The debut of Charron and Houde as Scouts did not go well, as they were shutout 0-6 by the Kings. In their second game however, Charron led the way with three assists in a 4-4 tie with Pittsburgh. Charron would go on to score 42 points in 51 games with the Scouts in '74-'75, and 71 points in 78 games in '75-'76, making him the Scouts all-time leading scorer, and the only player to score 100 or more points in a Scouts uniform.
Tuesday, January 6, 2009
As you can see below in my chart of team-by-team results for both years of their existence, the Scouts had success when they met up with the Washington Capitals or California Golden Seals. If they had to play one of the other 15 teams in the league, things didn't go so well.
They got at least one point off of every team, but never a W against Buffalo, Philadelphia or Atlanta in 28 combined attempts.
The fact that they beat up on the Capitals does reflect well on the Scouts, as the Caps were the only team that the Scouts were really on an even playing field with. GM Sid Abel and his staff were able to squeeze considerably more talent out of the nearly barren expansion draft than their counterparts in Washington.

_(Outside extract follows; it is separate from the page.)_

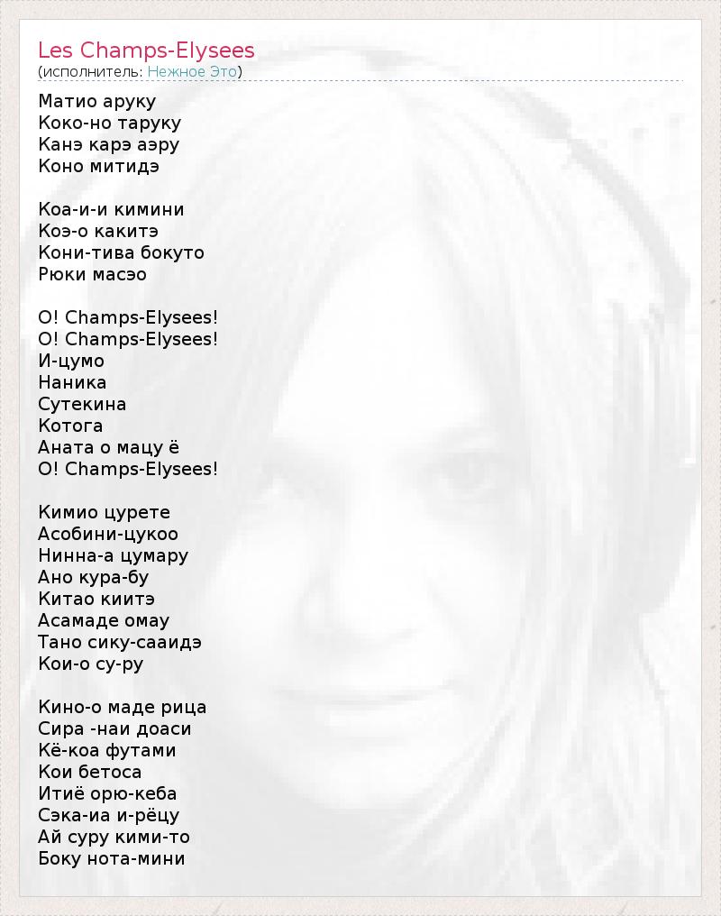 Мать аруку Коко- но Тарук Канэ карэ аэру Коно митидэ КоА - и- и кимины Коэ о какитэ Кони - тива бокуто Рюкы масэо O! Champs - Elysees ! O! Champs - Elysees ! И- цумо Наника Сутекина котого Аната в мацу е O! Champs - Elysees ! кими Цуре Асобины - цуко Нинна - а цумару Ано кура -бу Китай киитэ Асамаде омау Тано сику - сааидэ Кои о су- ру Кино о маде Рица Сырая - наи ДОАС Кё -КоА футов кои бетоса Итиё пашу - кэба Сэка - иа и- рёцу Ай суру кими - то Стороны нота - мини

If you think the .241 overall points percentage is bad, consider that it was .194 against all opponents other than the Capitals and Seals.
Monday, January 5, 2009
I haven't been able to find attendance figures online for 1974-1976, so I'll be tracking the attendance game by game as I go through the microfilm. My prediction is that as the losses pile up, attendance will just get worse after an already shaky start.
Click the pic for the KC Times wrap and summary:
Sadly, the Scouts would have only 14 more victories to celebrate that season, and just 12 during their next (and last).